═════ PROVIDED DATA

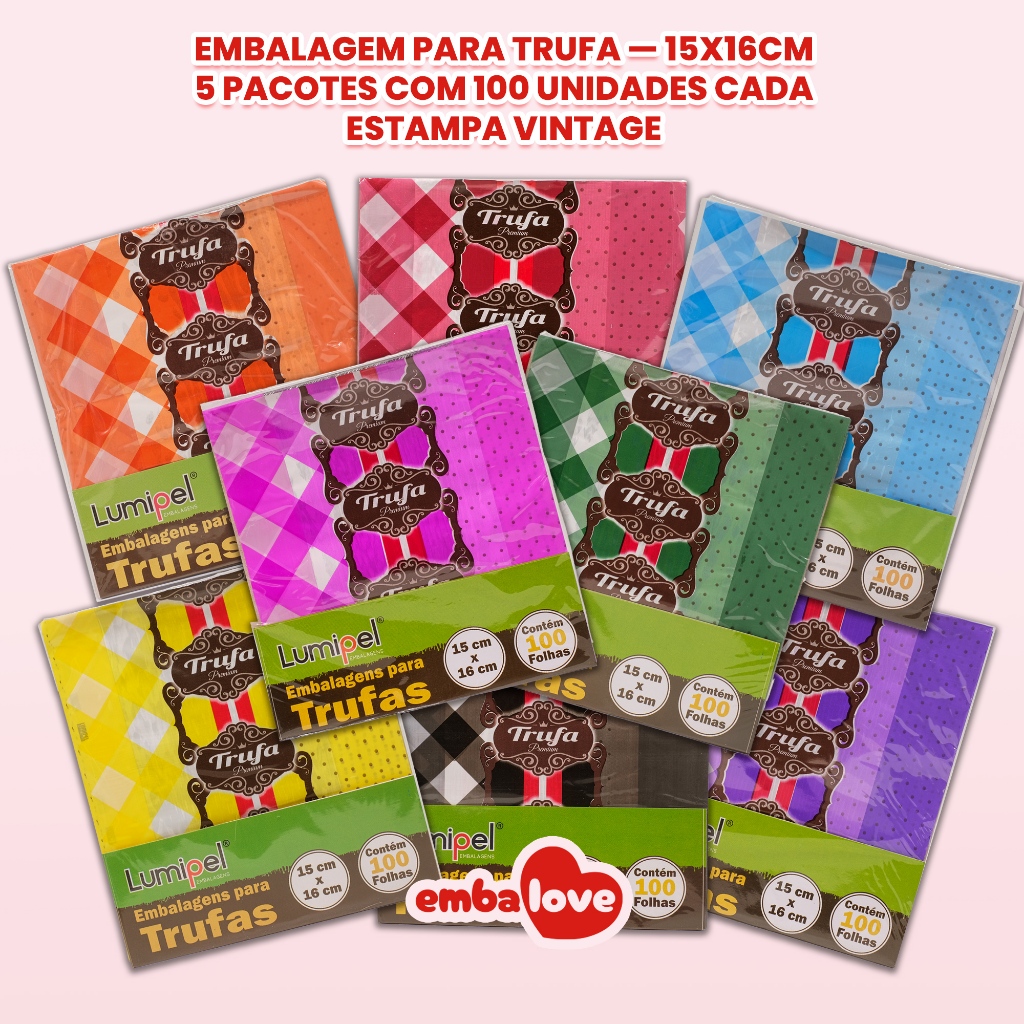 500 Embalagem para Trufa e Bombom 15x16cm Decorados
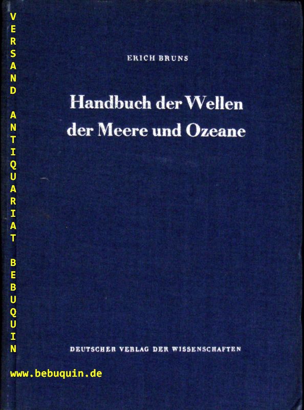MEERESKUNDE.– BRUNS, Erich: Handbuch der Wellen der Meere und Ozeane. Berlin (Wissenschaften), 1955. Gr. 8. XI, 255 S. mit 4 Falttafekln und 150 Abb. OLn mit Silberprägung. tadellos. seltene EA.
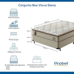 As espumas do Conjunto Box Viúva Siena foram desenvolvidas com a Tecnologia ProMax Probel, que passam por rigorosos testes de qualidade em laboratório e recebem tratamento antiácaro e antifungo.
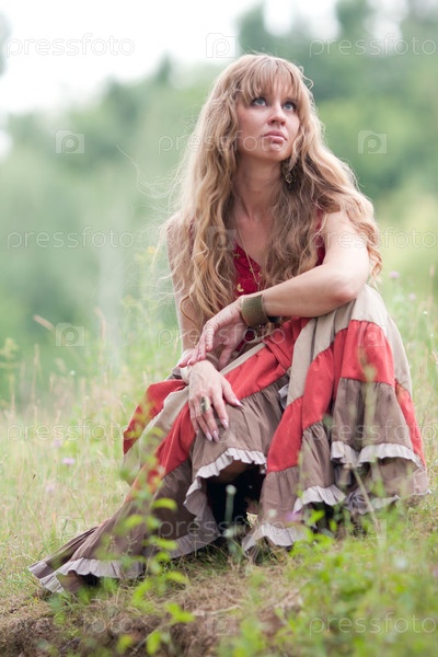 Мечтательная девушка хиппи сидит на траве
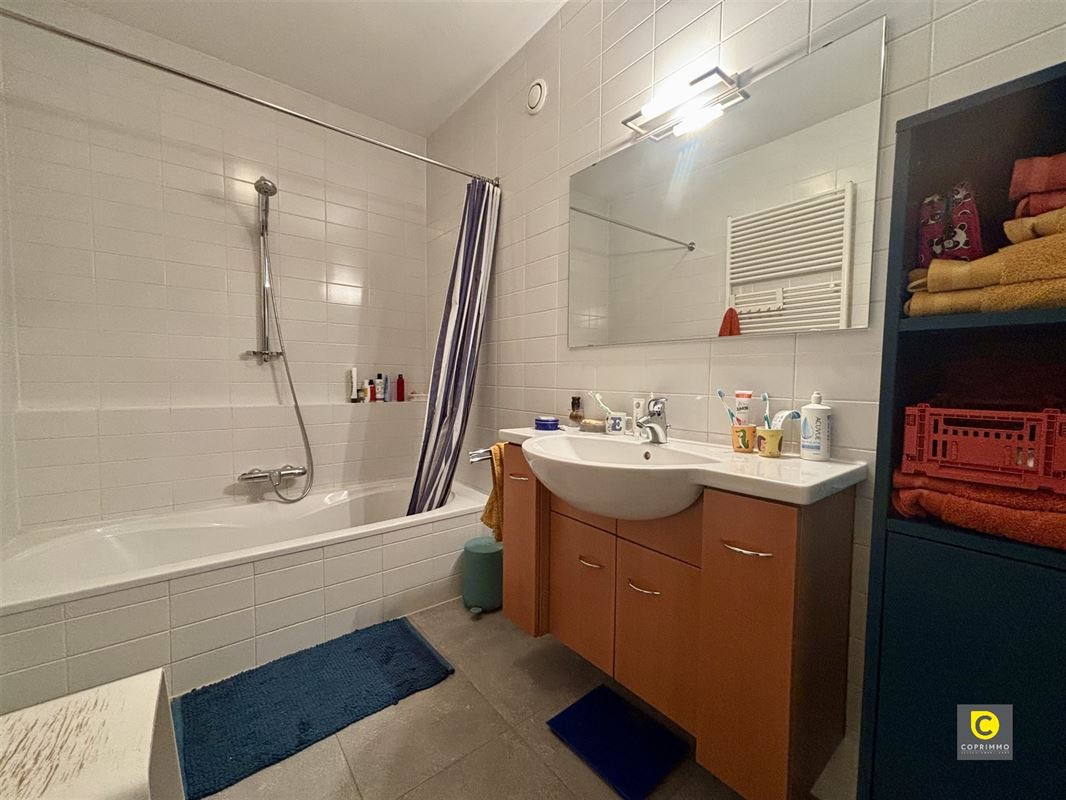 U betreedt het appartement via een ruime inkomhal met parketvloer. Deze is uitgerust met een veiligheidsdeur, ingemaakte vestiairekasten en een videofoon, wat zorgt voor comfort en veiligheid vanaf het eerste moment.
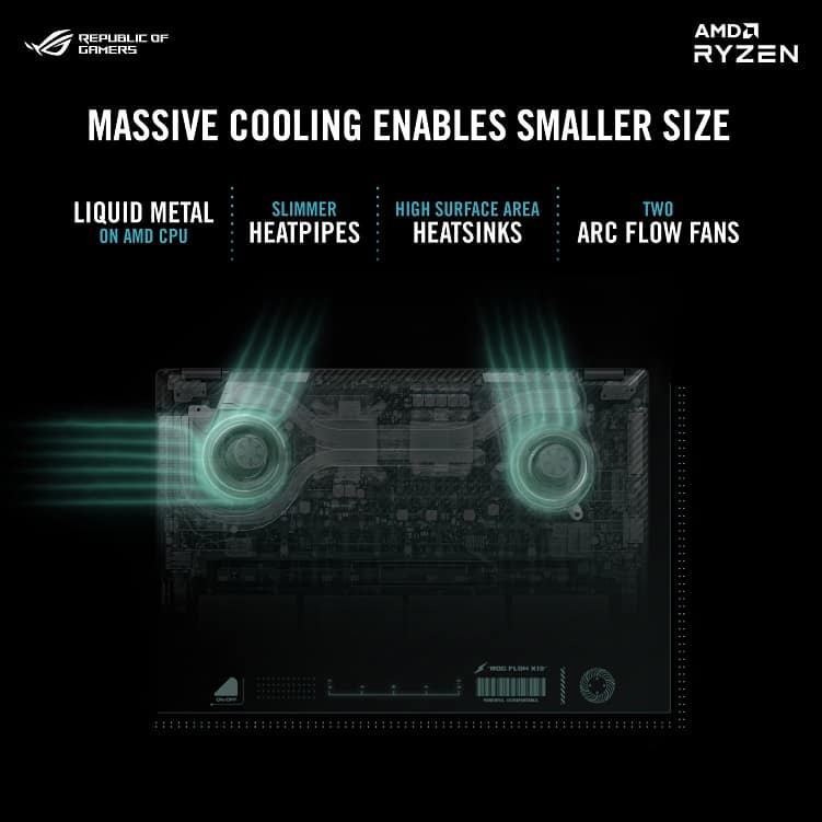 ROG Intelligent Cooling ด้วยพัดลมคู่ที่ได้รับการออกแบบใหม่ “Arc Flow Fans” ที่ใช้วัสดุแบบ Liquid Crystal Polymer (LCP) ที่มีความแข็งแกร่งมากขึ้น ทำให้สามารถลดความบางของใบพัดลงได้เหลือเพียง 0.1 มม. และเพิ่มจำนวนใบพัดให้ได้มากสูงสุดถึง 84 ใบพัด ส่งผลให้เสียงรบกวนจากการระบายความร้อนที่ลดลงแต่สามารถเพิ่มอัตราการไหลเวียนอากาศภายในได้มากขึ้น 13% นอกจากนั้นแล้ว ROG ยังได้เลือกใช้สารนำความร้อนพิเศษแบบโลหะเหลว (liquid metal) จากแบรนด์ Thermal Grizzly ที่สามารถลดความร้อนที่เกิดขึ้นจากชิพโปรเซสเซอร์ออกมายังท่อฮีทไปป์ได้ดีกว่าสารนำความร้อนทั่วไปมากสูงสุดกว่า 10 องศาเซลเซียส
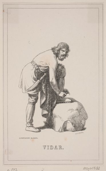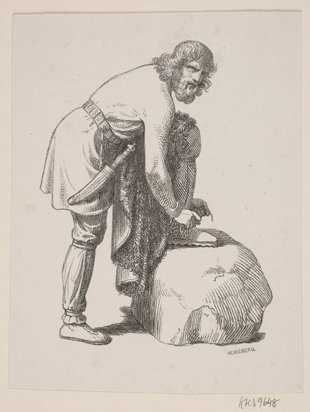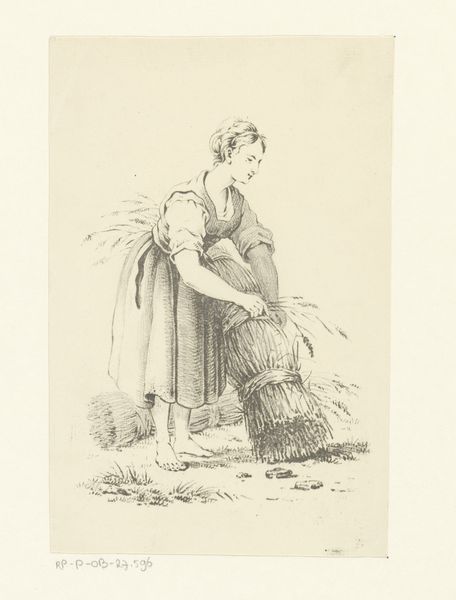 Editor: Here we have "Houtklover," which I believe translates to "Wood Chopper," by Cornelis Steffelaar, dating somewhere between 1807 and 1861. It's a pencil drawing, seemingly depicting a peasant engaged in labor. What do you make of this genre scene? Curator: Well, immediately, it strikes me as a window into the social consciousness of the time. Consider the burgeoning Realist movement, which aimed to depict everyday life, particularly of the working class, without romanticism. The artist isn't glorifying labor; instead, they’re presenting a scene of commonplace, manual work. How does the depiction of labor here compare with other artworks you've seen from this era? Editor: I suppose it's more down-to-earth. There’s a sense of authenticity to it, perhaps in the way the figure’s clothes are rendered, or the plainness of his tools. There’s no embellishment, no heroic stance. Curator: Precisely. Think about the audience for art during this period. Genre paintings like this provided glimpses into lives and social classes often overlooked or idealized by academic painting. Do you think images like this played a role in shaping social perceptions or even fostering empathy for the working class? Editor: I think it certainly humanizes labor. Showing the dignity of everyday work to people who would probably never have had to do it themselves. Curator: Exactly. And think about where such a work might be displayed – perhaps not in the grandest salons, but in smaller galleries or even private collections, gradually influencing the prevailing artistic and social tastes. Ultimately Steffelaar and his contemporaries are widening the audience for art while drawing our eye to all layers of the society. Editor: It's interesting to think of a drawing of something seemingly so simple having that sort of social impact! Thank you.

══════════

**PROMPT**
Only these lines belong in the answer: the first line of the listing above through the line holding "MEERESKUNDE.– BRUNS, Erich: Handbuch", printed exactly and without pictures.

**SOLUTION FOR THIS EXERCISE**
 500 Embalagem para Trufa e Bombom 15x16cm Decorados
MEERESKUNDE.– BRUNS, Erich: Handbuch der Wellen der Meere und Ozeane. Berlin (Wissenschaften), 1955. Gr. 8. XI, 255 S. mit 4 Falttafekln und 150 Abb. OLn mit Silberprägung. tadellos. seltene EA.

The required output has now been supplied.